Altogether, these findings reveals that spatial training triggers a deficit in synaptic plasticity but a stronger increase in spine density in APP 23 mice. That structural plasticity can compensate for synaptic plasticity disruption is supported by data showing that the number of neocortical synaptic bouton is maintained in spite of robust amyloid deposition in APP23 transgenic mice (Boncristiano et al. 2005). Consistent with the idea that overformation of spines can be viewed as a compensatory mechanisms, mutant mice and wild-type mice achieve the same level the performance on the last day of training.

Overactivation of regions spared by Ab load sustains intact memory in presymptomatic Tg2576 mice

Evidence that neuronal activity increases secretion of Aβ peptides and depresses excitatory synaptic transmission in hippocampal neurons overexpressing APP (Kamenetz et al. 2003) or in the somatosensory cortex of aged hAPP mice (Bero et al. 2011) definitely demonstrates that intensification of synaptic activity contributes to the neurodegenerative process in these models.

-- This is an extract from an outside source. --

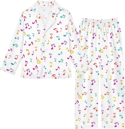 Satin Pajamas Set, Musical Notes Pattern Button Down Long Sleeve 2 Piece PJ Set 5-14Y Multicolor

This explains, at least partly, why regions highly engaged in cognitive activity like the hippocampus and the neocortex are those where synaptic disruption and neurodegeneration firstly develop. It was therefore of primary importance determining at which age point learning-induced release of Aβ starts to impact synapses and modifies the pattern of activation of brain regions in hAPP mutants (Pignataro et al. 2019).

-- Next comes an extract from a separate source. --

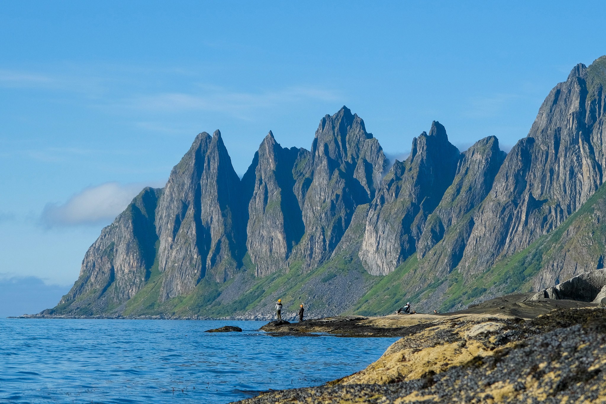 The real revelation comes later, on the island of Senja. Less famous than the Lofoten and far quieter, it delivers scenery just as dramatic if not more so. White sand beaches glow beneath jagged peaks, the sea turns impossibly blue and tunnels carve through mountains to reveal one perfect road after another. A final ferry ride at sunset seals the experience.

Tg2576 intact memory does not rely on hippocampus activation, but amygdala overactivation

Consistent with a previous report (D'Amelio et al. 2011), presymptomatic 2-mo-old Tg2576 trained for contextual fear conditioning (CFC encoding) show regular freezing when returned 24 h later to the safe training context (CFC recall). c-fos mapping of neuronal activity reveals that the hippocampus and the basolateral amygdala are concurrently activated 1 h after CFC encoding. Differently, no activation of the hippocampus but an overactivation of the amygdala which compensate for the hippocampus failure is detected 1 h following CFC recall.

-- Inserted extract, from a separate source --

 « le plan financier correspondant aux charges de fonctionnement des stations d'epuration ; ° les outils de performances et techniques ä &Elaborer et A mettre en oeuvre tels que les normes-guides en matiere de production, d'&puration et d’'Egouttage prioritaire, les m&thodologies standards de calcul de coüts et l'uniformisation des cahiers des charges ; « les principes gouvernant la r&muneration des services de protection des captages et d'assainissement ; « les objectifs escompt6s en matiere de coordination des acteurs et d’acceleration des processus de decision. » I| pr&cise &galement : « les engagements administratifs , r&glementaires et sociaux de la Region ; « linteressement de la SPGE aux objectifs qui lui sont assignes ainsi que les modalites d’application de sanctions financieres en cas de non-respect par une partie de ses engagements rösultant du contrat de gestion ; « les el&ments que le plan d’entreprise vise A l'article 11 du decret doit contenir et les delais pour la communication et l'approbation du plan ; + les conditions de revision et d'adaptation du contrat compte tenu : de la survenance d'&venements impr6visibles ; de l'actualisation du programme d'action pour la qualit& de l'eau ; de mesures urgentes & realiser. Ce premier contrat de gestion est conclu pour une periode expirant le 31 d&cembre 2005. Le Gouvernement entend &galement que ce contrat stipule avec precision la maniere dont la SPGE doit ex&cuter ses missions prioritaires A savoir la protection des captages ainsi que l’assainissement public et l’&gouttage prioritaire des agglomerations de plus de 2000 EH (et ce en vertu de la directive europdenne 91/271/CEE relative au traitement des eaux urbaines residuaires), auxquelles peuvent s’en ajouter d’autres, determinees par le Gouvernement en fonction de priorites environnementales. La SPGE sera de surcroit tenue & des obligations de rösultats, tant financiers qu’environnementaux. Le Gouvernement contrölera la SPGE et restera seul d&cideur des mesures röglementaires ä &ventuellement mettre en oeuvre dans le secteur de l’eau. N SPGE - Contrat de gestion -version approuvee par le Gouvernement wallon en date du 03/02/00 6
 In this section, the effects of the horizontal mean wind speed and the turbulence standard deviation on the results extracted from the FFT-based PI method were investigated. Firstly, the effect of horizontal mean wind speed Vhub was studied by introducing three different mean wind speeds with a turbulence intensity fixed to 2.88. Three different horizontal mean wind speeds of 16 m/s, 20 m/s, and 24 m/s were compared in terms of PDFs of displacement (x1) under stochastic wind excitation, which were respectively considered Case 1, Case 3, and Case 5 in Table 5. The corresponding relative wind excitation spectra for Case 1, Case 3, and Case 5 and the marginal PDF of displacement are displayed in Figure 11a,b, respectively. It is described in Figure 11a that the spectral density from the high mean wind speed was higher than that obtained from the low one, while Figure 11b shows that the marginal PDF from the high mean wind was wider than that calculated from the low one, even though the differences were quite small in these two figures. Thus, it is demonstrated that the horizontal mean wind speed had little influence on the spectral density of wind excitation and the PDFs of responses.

Tg2576 intact memory in presymptomatic Tg2576 mice does not rely on formation of dendritic spines in the hippocampus, but on more spines formed in the BLA

Upon CFC recall, trained WT mice, but not Tg2576 mice, show an increase in CA1 mushroom spines compared to their respective nontrained counterpart. In the BLA, mushroom spines are increased in trained mice of both genotypes but the additional increase in thin BLA spines found Tg2576 mice indicates more BLA rewriring in the mutant mice. Detection of immunostaining spots of the postsynaptic synaptic density 95 (PSD95) protein in both mushroom and thin spines, by informing on the presence active synapses (Béïque and Andrade 2003) confirms that distinct synaptic rearrangements support regular memory in WT mice and presymptomaticTg2576 mutants.

CFC encoding triggers Aβ release in the hippocampus, but not the amygdala, of Tg2576 mice

Dot blot quantification of Aβ levels 24 h after CFC encoding in mice nonexposed to CFC recall reveals that Tg2576 mice showed a selective increase of Aβ42 oligomers in the hippocampus (CA1), but not in the amygdala (BLA). Complementary western blot analyses carried out using the amino-terminal specific-anti Aβ42 antibody AD54D2, and the carboxy-terminal specific anti-Aβ42 antibody (clone 295F2) confirmed that the Aβ signal was selectively increased in the hippocampus of the trained mutants. In line with these immunoblot findings, immunofluorescent detection of Aβ by means of the D54D2 and the carboxy-terminal specific antibody 12F4 confirmed the presence of an enhanced Aβ signal in CA1 but not in BLA, following CFC encoding. Importantly, the hippocampal rise of Aβ42 returned to wild-type levels 48 h after the conditioning thereby showing its transitory nature as well as its suitability to be relaunched by further cognitive activity. In the WT mice, the Aβ42 signal was barely detectable in both regions at rest and no rise was observed following the conditioning.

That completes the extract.